Re: [PATCH net-next 7/8] net: ethernet: ti: am65-cpsw: prepare xmit/rx path for multi-port devices in mac-only mode

2020-10-05 Thread Grygorii Strashko




On 03/10/2020 05:09, David Miller wrote:

From: Grygorii Strashko 
Date: Thu, 1 Oct 2020 13:52:57 +0300


This patch adds multi-port support to TI AM65x CPSW driver xmit/rx path in
preparation for adding support for multi-port devices, like Main CPSW0 on
K3 J721E SoC or future CPSW3g on K3 AM64x SoC.
Hence DMA channels are common/shared for all ext Ports and the RX/TX NAPI
and DMA processing going to be assigned to first netdev this patch:
  - ensures all RX descriptors fields are initialized;
  - adds synchronization for TX DMA push/pop operation (locking) as
Networking core is not enough any more;
  - updates TX bql processing for every packet in
am65_cpsw_nuss_tx_compl_packets() as every completed TX skb can have
different ndev assigned (come from different netdevs).

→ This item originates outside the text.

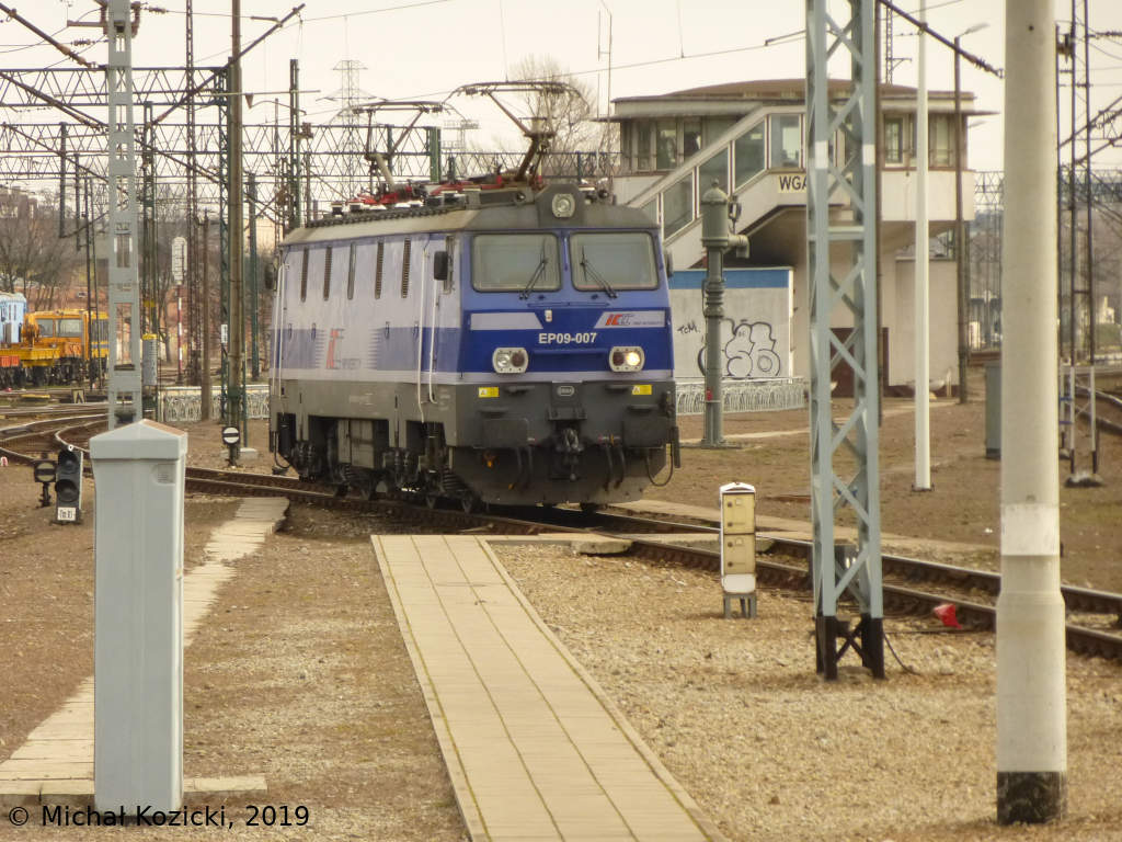 PKP IC EP09-007 waits for duties at station Wroclaw Gl., Poland, 03.03.2019.

Signed-off-by: Grygorii Strashko 


This locking is unnecessary in single-port non-shared DMA situations
and therefore will impose unnecessary performance loss for basically
all existing supported setups.

Please do this another way.


ok. I'll try add lock-less push/pop operations and use them for single-port



In fact, I would encourage you to find a way to avoid the new atomic
operations even in multi-port configurations.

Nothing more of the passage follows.